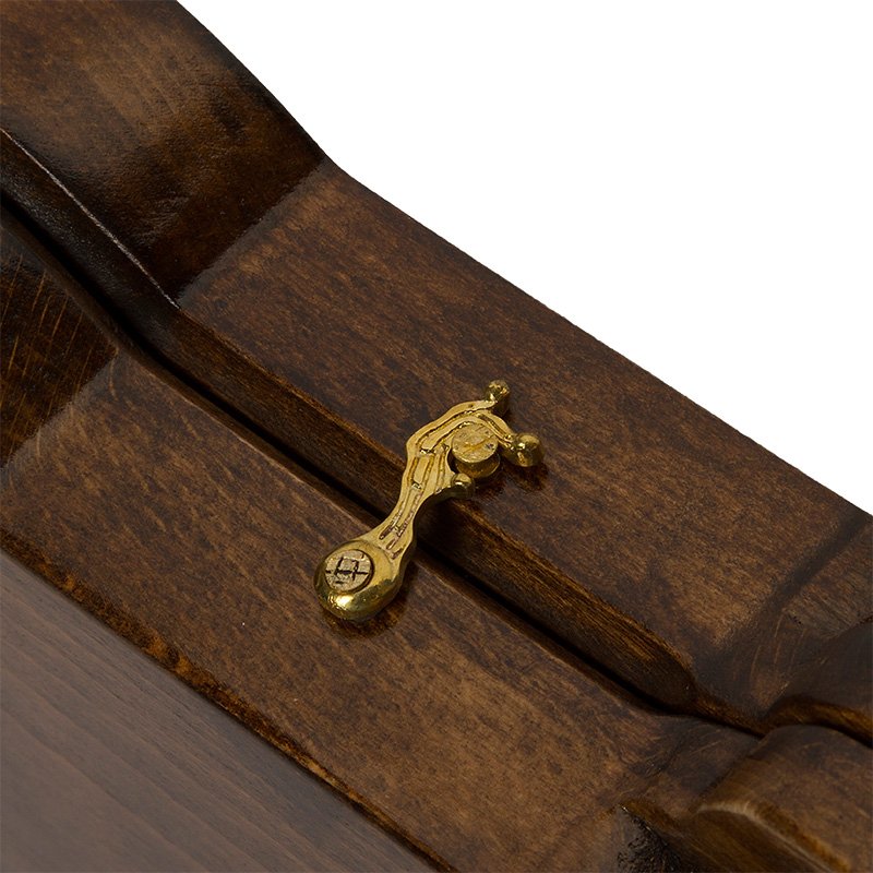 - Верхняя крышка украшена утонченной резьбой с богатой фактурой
----
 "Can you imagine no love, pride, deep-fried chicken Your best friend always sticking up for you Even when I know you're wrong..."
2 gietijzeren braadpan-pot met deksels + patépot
----
In the listing above, locate the line containing "you imagine no" and the line containing "2 gietijzeren braadpan-pot". Transcribe those two lines and everything between them, exactly as written.

 "Can you imagine no love, pride, deep-fried chicken Your best friend always sticking up for you Even when I know you're wrong..."
2 gietijzeren braadpan-pot met deksels + patépot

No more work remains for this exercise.